Engineering Contradictions & Design Principles
Engineering Contradiction Analysis
1Extent of automation
If a discriminator trained through machine learning is used to extract lesion regions from CT images, then automated detection is achieved, but false detection occurs due to reliance on single-image analysis and human expertise variability
Solution Approach 1:
The patent transitions from analyzing a single CT image to analyzing multiple CT images taken in different postures (supine and prone positions). By adding the dimension of multiple imaging angles, the system can distinguish true lesions from artifacts like water droplets that appear in only one posture, thereby improving detection reliability while maintaining automation.
Solution Approach 2:
The patent combines multiple candidate region detection results from different postures by transforming coordinates to a common reference frame and merging the results. This integration of information from multiple sources allows the system to confirm true lesions that appear consistently across postures while eliminating false positives that appear in only one posture.
2Reliability
If images are taken in two different postures to reduce false detection, then detection reliability improves, but the complexity of the detection system increases due to multiple image processing requirements
Solution Approach 1:
The patent introduces a coordinate transformation unit as an intermediary that converts candidate region coordinates from different posture images into a common reference coordinate system.
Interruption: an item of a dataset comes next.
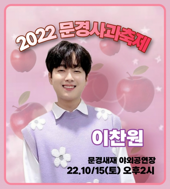 이찬원은 10월 15일 오후 2시부터 경북 문경시 문경새재도립공원 야외공연장에서 열리는 '2022 문경사과축제' 개막식 축하무대에 오른다.

This mediator enables the merging of detection results without requiring complex manual alignment procedures, thus improving reliability while managing system complexity through automated transformation processes.
3Ease of operation
If candidate regions are individually detected in each image without coordination, then processing simplicity is maintained, but false detection increases due to inability to distinguish true lesions from artifacts
Solution Approach 1:
The patent implements a feedback mechanism where detection results from one posture are used to verify and refine detections in another posture. By comparing candidate regions across multiple postures through coordinate transformation and merging, the system provides feedback that confirms true lesions and eliminates false positives, thereby improving reliability while maintaining operational simplicity through automated verification.
Data Source
AI summary
An object detection device that detects a specific object included in an input image includes a first candidate region specifying unit that specifies a first candidate region in which an object candidate is included from a first input image obtained by imaging a subject in a first posture, a second candidate region specifying unit that specifies a second candidate region in which an object candidate is included from a second input image obtained by imaging the subject in a second posture different from the first posture, a deformation displacement field generation unit that generates a deformation displacement field between the first input image and the second input image, a coordinate transformation unit that transforms a coordinate of the second candidate region to a coordinate of the first posture based on the deformation displacement field, an association unit that associates the first candidate region with the transformed second candidate region that is close to the first candidate region, and a same object determination unit that determines that the object candidates included in the candidate regions associated with each other by the association unit are the same object and are the specific object.